- [Exercise description]
Write out the data exactly, please, and omit the pictures.

- [Data excerpt]
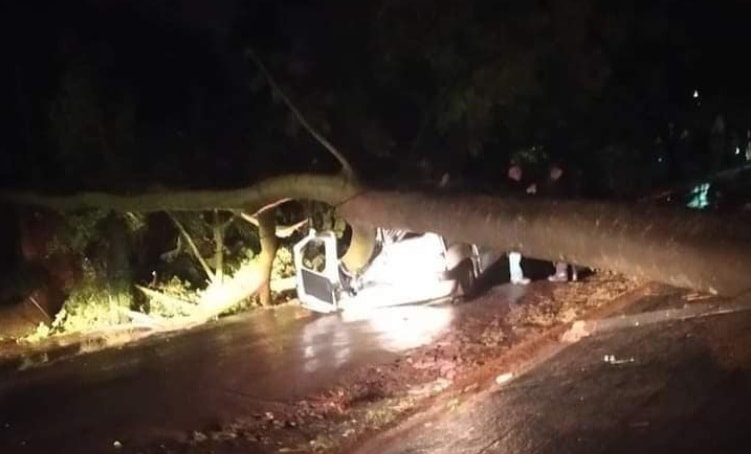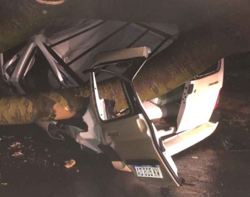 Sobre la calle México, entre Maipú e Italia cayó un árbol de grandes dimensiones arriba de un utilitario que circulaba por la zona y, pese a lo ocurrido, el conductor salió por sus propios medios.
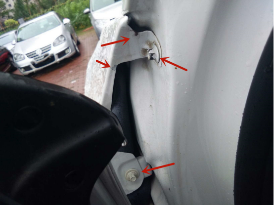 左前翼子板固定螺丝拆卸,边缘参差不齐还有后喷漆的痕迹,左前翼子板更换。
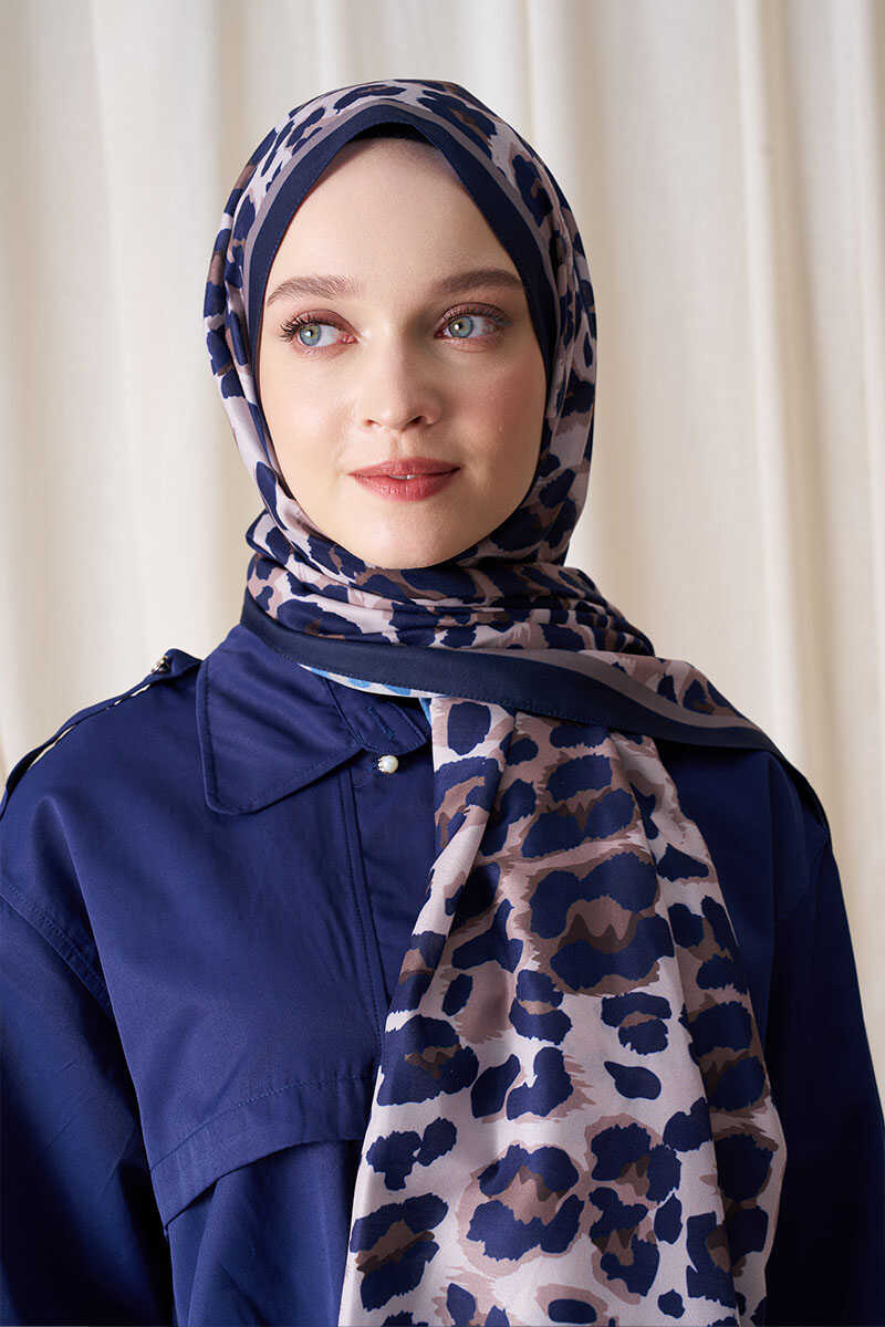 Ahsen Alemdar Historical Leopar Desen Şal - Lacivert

- [Answer section]
 Sobre la calle México, entre Maipú e Italia cayó un árbol de grandes dimensiones arriba de un utilitario que circulaba por la zona y, pese a lo ocurrido, el conductor salió por sus propios medios.
 左前翼子板固定螺丝拆卸,边缘参差不齐还有后喷漆的痕迹,左前翼子板更换。
 Ahsen Alemdar Historical Leopar Desen Şal - Lacivert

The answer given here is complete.